Jose Ashna, Devijver Emilie, Jakse Noel, Poloni Roberta
SIMaP, Grenoble-INP, CNRS, University of Grenoble Alpes, Grenoble 38042, France.
LiG, Grenoble-INP, CNRS, University of Grenoble Alpes, Grenoble 38042, France.
J Am Chem Soc. 2024 Mar 6;146(9):6134-6144. doi: 10.1021/jacs.3c13687. Epub 2024 Feb 25.
In recent data-driven approaches to material discovery, scenarios where target quantities are expensive to compute and measure are often overlooked. In such cases, it becomes imperative to construct a training set that includes the most diverse, representative, and informative samples. Here, a novel regression tree-based active learning algorithm is employed for such a purpose. It is applied to predict the band gap and adsorption properties of metal-organic frameworks (MOFs), a novel class of materials that results from the virtually infinite combinations of their building units. Simpler and low dimensional descriptors, such as those based on stoichiometric and geometric properties, are used to compute the feature space for this model owing to their ability to better represent MOFs in the low data regime. The partitions given by a regression tree constructed on the labeled part of the data set are used to select new samples to be added to the training set, thereby limiting its size while maximizing the prediction quality. Tests on the QMOF, hMOF, and dMOF data sets reveal that our method constructs small training data sets to learn regression models that predict the target properties more efficiently than existing active learning approaches, and with lower variance. Specifically, our active learning approach is highly beneficial when labels are unevenly distributed in the descriptor space and when the label distribution is imbalanced, which is often the case for real world data. The regions defined by the tree help in revealing patterns in the data, thereby offering a unique tool to efficiently analyze complex structure-property relationships in materials and accelerate materials discovery.

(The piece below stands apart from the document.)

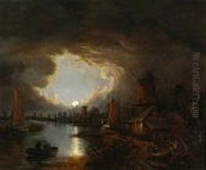 Boats And Windmills At Moonlight
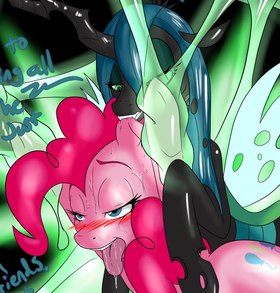 The Queen’s scepter kept drawing her attention as it grew harder, seemingly loving the sheer domination its owner spoke of, but Pinkie forced her gaze off of it and looked back up to Chrysalis’s face with what she hoped was a look of irate valor, but was more than likely a lust-drunk look that almost pleaded for sex, she tried to say firmly, “W-we aren’t going to g-give into our new s-stupid sexy bug overlords t-that easily!”

在近期基于数据驱动的材料发现方法中,目标量计算和测量成本高昂的情况常常被忽视。在这种情况下,构建一个包含最多样化、最具代表性和信息量最大的样本的训练集就变得势在必行。在此,一种基于回归树的新型主动学习算法被用于此目的。它被应用于预测金属有机框架(MOF)的带隙和吸附特性,MOF是一类新型材料,由其构建单元的几乎无限组合产生。由于能够在低数据量情况下更好地表示MOF,更简单和低维的描述符,如基于化学计量和几何性质的描述符,被用于计算该模型的特征空间。在数据集的标记部分构建的回归树给出的划分用于选择要添加到训练集中的新样本,从而在限制其大小的同时最大化预测质量。对QMOF、hMOF和dMOF数据集的测试表明,我们的方法构建了小的训练数据集来学习回归模型,该模型比现有的主动学习方法更有效地预测目标特性,且方差更低。具体而言,当标签在描述符空间中分布不均匀以及标签分布不平衡时,我们的主动学习方法非常有益,而这在现实世界数据中经常出现。树所定义的区域有助于揭示数据中的模式,从而提供了一个独特的工具来有效分析材料中复杂的结构-性质关系并加速材料发现。